GENEVE – SAO PAULO – Il y a des jours où je me vois bien stratège politique, spin doctor. Mon nouveau concept pour gagner en politique est de travailler sur des micro-histoires, mais qui s’insèrent par exemple dans une macro-histoire. L’idée est de renforcer des histoires positives ou négatives (basées sur la peur). Prenons l’élection présidentielle au Brésil qui semble donner la victoire à Bolsonaro d’ici quelques jours, en tout cas selon certains sondages. La remontée est assez spectaculaire. La macro-histoire est d’avoir un Brésil chrétien, Dieu au-dessus de tout, avec une logique conservatrice et une économie libérale. Mais en dessous il y a plein de petites histoires qui sont très importantes pour renforcer la macro-histoire notamment en terme symbolique.
Micro-histoires
Une micro-histoire est de dire que l’inflation en 12 mois au Brésil était de 7,2% selon The Economist, alors que l’inflation en projection annuelle sur 2022 en Argentine (gouvernée à gauche) devrait être de 100% et qu’en Allemagne elle est de 10% (état septembre 2021 à septembre 2022).
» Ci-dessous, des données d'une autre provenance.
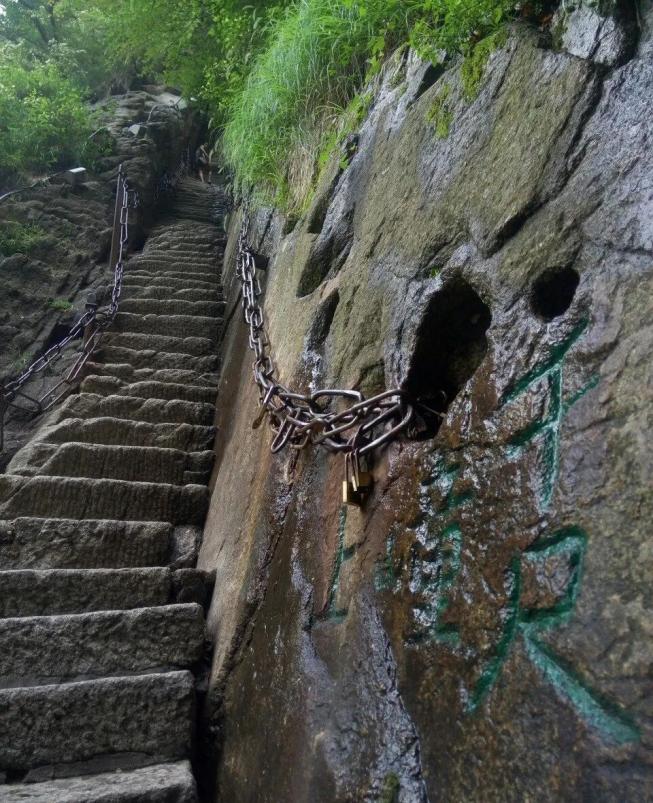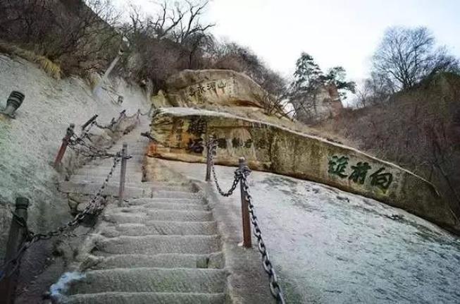 华山的登山之路蜿蜒曲折,到处都是悬崖绝壁。智取华山路开辟之前,华山只有一条十分陡峭的道路可以通到山上,人们常用“自古华山一条道”的说法来形容它的险要。

Il y a donc une micro-histoire qui semble prendre fortement comme bouche à oreille et sur les réseaux sociaux notamment dans le sud du Brésil, riche et peuplé. J’ai personnellement beaucoup de gens utiliser cette micro-histoire, qui au fond est très réaliste, purement rationnelle. Ici l’histoire joue clairement sur la peur du “communisme” et d’une monnaie fortement dévaluée comme en Argentine ou Venezuela. Une autre micro-histoire, celle-là est peut-être plus discutable, est de dire dans un pays qui compte 30% d’évangéliques que si la gauche arrive au pouvoir, éventuellement une liberté religieuses sera diminuée (c’est pas impossible si on regarde certains pays d’Amérique centrale, mais c’est aussi peu probable dans un monde si connecté). Ce que j’ai remarqué est que la gauche de Lula n’arrive pas vraiment à imprimer des micro-histoires, il y a clairement des difficultés à se projeter dans le futur pour la gauche. Il manque peut-être aussi une macro-histoire pour la gauche. On dirait ici que Lula fait dans l’anti-Bolsonaro (“menteur” selon lui) mais n’est clairement pas dans une vraie histoire, peut-être un narratif porteur pour le “peuple de gauche”.
Le peuple croit aux histoires qu’il veut
La nouvelle politique consiste à raconter le maximum d’histoires positives ou négatives. Ensuite le citoyen décide. Il y a une certaine forme de vérité, Chesterton expliquait que le peuple pouvait croire à deux histoires contradictoires (paradoxales) qu’il jugeait vraies. Bref, je dis souvent mon nouveau slogan, pour comprendre le monde il vaut mieux lire Carl Jung (ou Chesterton mais cela rime moins) que Karl Marx. Cqfd.
Xavier Gruffat. Fondateur de Romanvie.ch. Le 22 octobre 2022.